The true lesson is that correctly applying microservices requires insanely hard domain modeling and iteration and meticulous attention to the "Distributed Systems Premium."
https://martinfowler.com/microservices/
Please don’t fall into the Fowler-said-so trap.
Just because he says something does not mean Fowler “formalized the term”. Martin wrote about every topic under the sun, and he loved renaming and or redefining things to fit his world view, and incidentally drive people not just to his blog but also to his consultancy, Thoughtworks.
PS The “single application” line shows how dated Fowlers view were then and certainly are today.
I've been developing under that understanding since before Fowler-said-so. His take is simply a description of a phenomenon predating the moniker of microservices. SOA with things like CORBA, WSDL, UDDI, Java services in app servers etc. was a take on service oriented architectures that had many problems.
Anyone who has ever developed in a Java codebase with "Service" and then "ServiceImpl"s everywhere can see the lineage of that model. Services were supposed to be the API, and the implementation provided in a separate process container. Microservices signalled a time where SOA without Java as a pre-requisite had been successful in large tech companies. They had reached the point of needing even more granular breakout and a reduction of reliance on Java.
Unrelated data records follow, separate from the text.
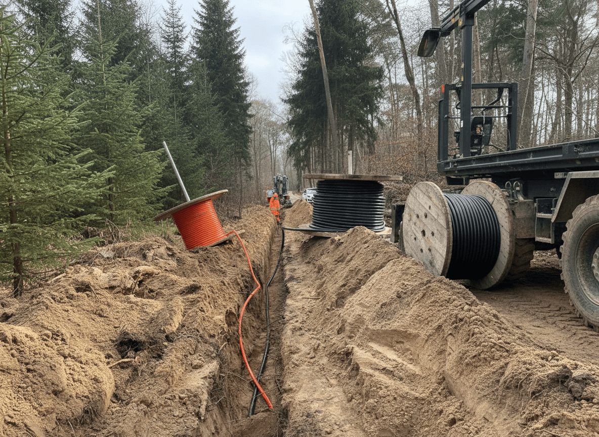Verlegung von Ver- und Entsorgungsleitungen (Wasser, Strom, Gas, Telekommunikation).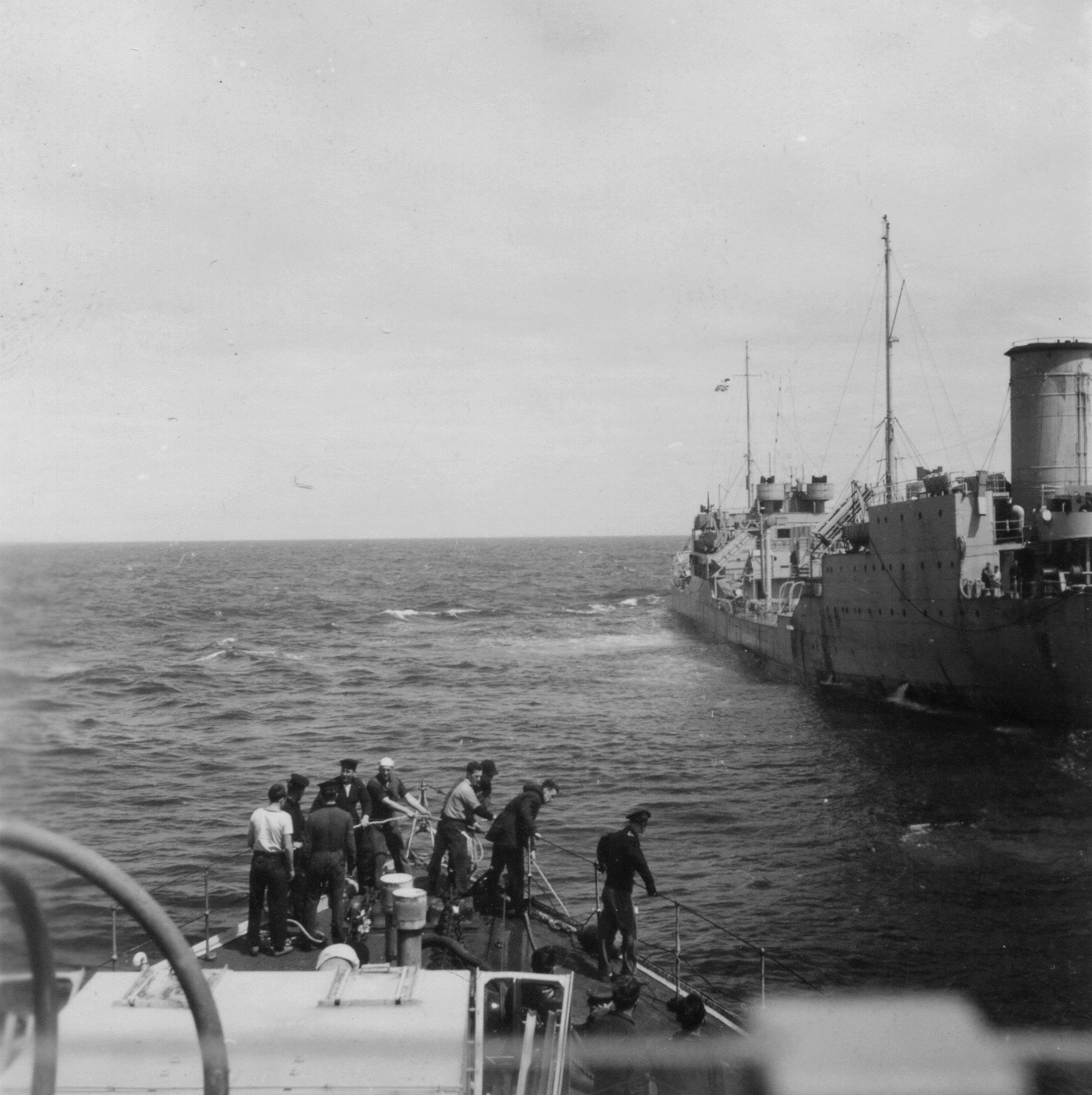 Convoy HX.285 - NYC to Liverpool 28 Mar 1944 - 12 Apr 1944 (HST113 - HST115) HMCS NEW WESTMINSTER fueling from Norwegian oiler Kaia Knudsen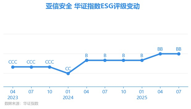 日前,华证指数公布了新一期(2025年7月31日)的ESG评级结果,亚信安全(688225.SH)获得BB评级(华证指数评级为C起至AAA九档,C为最低档,AAA为其最高一级评级/AA为其第二档),上一期(2025年4月30日)ESG评级为BB。本期ESG评级在156家软件行业A股上市公司中排名第54(上一期排名第51)。

HTTP interfaces was an enabler of that. 2010s era microservices people never understood the basics, and many don't even know what they're criticizing.
Thank you this is the point
I feel like microservices have gotten a lot easier over the last 7 years from when Twilio experienced this, not just from my experience but from refinements in architectures
There are infinite permutations in architecture and we've collectively narrowed them down to things that are cheap to deploy, automatically scale for low costs, and easily replicable with a simple script
We should be talking about how AI knows those scripts too and can synthetize adjustments, dedicated Site Reliability Engineers and DevOps is great for maintaining convoluted legacy setups, but irrelevant for doing the same thing from scratch nowadays
You know what I think is better than a push of the CPU stack pointer and a jump to a library?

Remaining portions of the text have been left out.